## GIVEN INFORMATION:
-- -- --

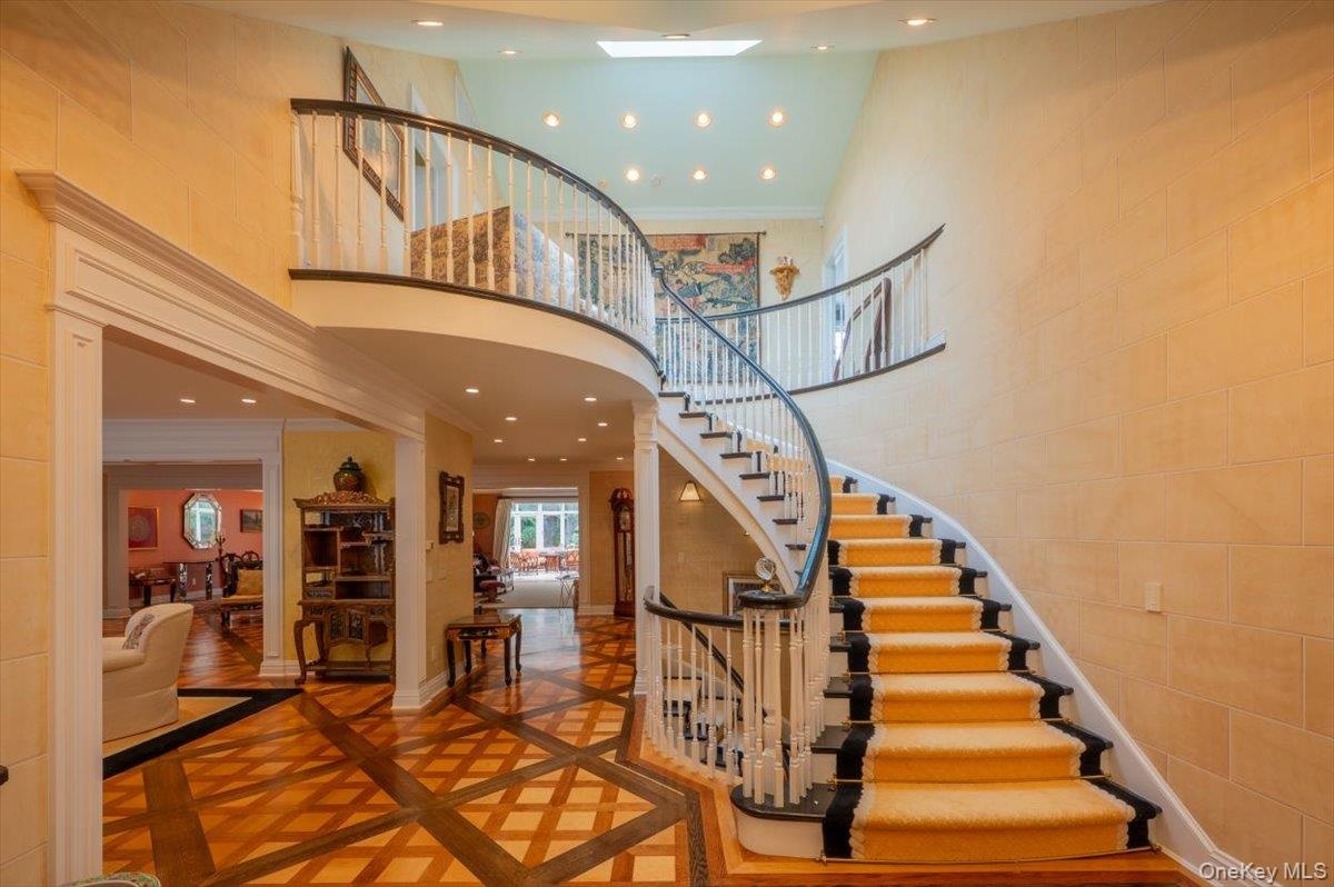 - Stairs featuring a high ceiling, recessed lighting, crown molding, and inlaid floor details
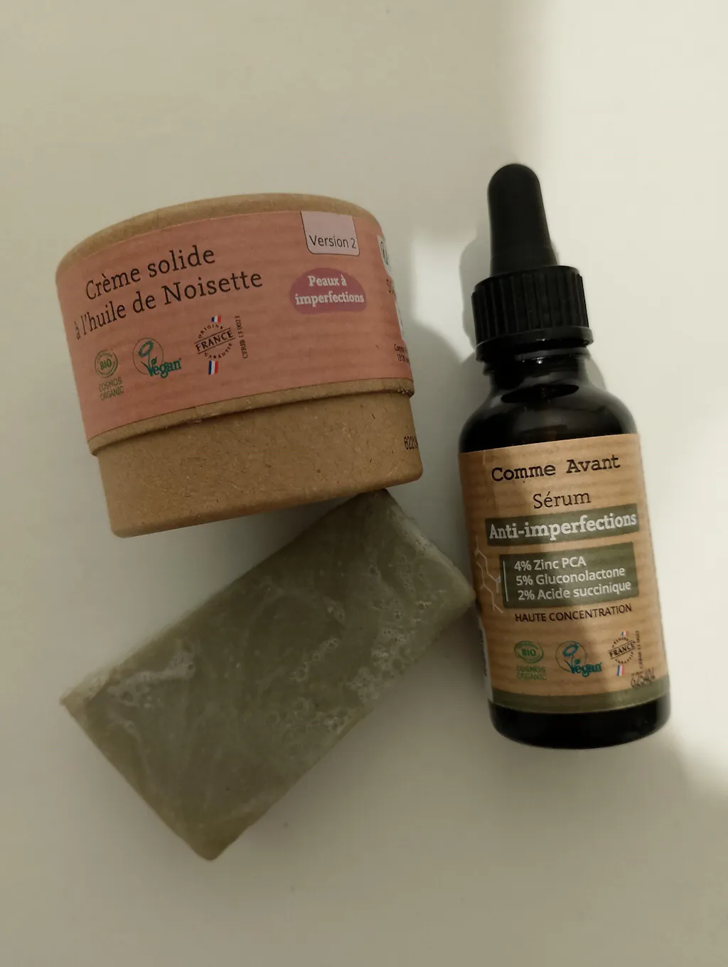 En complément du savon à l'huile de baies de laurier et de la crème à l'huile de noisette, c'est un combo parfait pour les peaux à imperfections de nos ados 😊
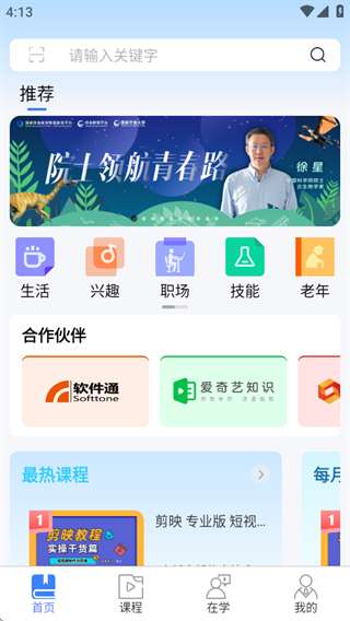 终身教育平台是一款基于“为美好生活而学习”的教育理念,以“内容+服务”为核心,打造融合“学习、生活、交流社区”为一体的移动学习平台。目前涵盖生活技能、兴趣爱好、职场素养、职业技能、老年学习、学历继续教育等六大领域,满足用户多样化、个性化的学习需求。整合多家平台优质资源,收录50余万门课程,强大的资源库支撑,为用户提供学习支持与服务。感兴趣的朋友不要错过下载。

-- -- --

## WHAT THE EXERCISE ASKS:
Before writing out the material above, please remove its pictures; everything else stays exact.

## EXERCISE ANSWER:
 - Stairs featuring a high ceiling, recessed lighting, crown molding, and inlaid floor details
 En complément du savon à l'huile de baies de laurier et de la crème à l'huile de noisette, c'est un combo parfait pour les peaux à imperfections de nos ados 😊
 终身教育平台是一款基于“为美好生活而学习”的教育理念,以“内容+服务”为核心,打造融合“学习、生活、交流社区”为一体的移动学习平台。目前涵盖生活技能、兴趣爱好、职场素养、职业技能、老年学习、学历继续教育等六大领域,满足用户多样化、个性化的学习需求。整合多家平台优质资源,收录50余万门课程,强大的资源库支撑,为用户提供学习支持与服务。感兴趣的朋友不要错过下载。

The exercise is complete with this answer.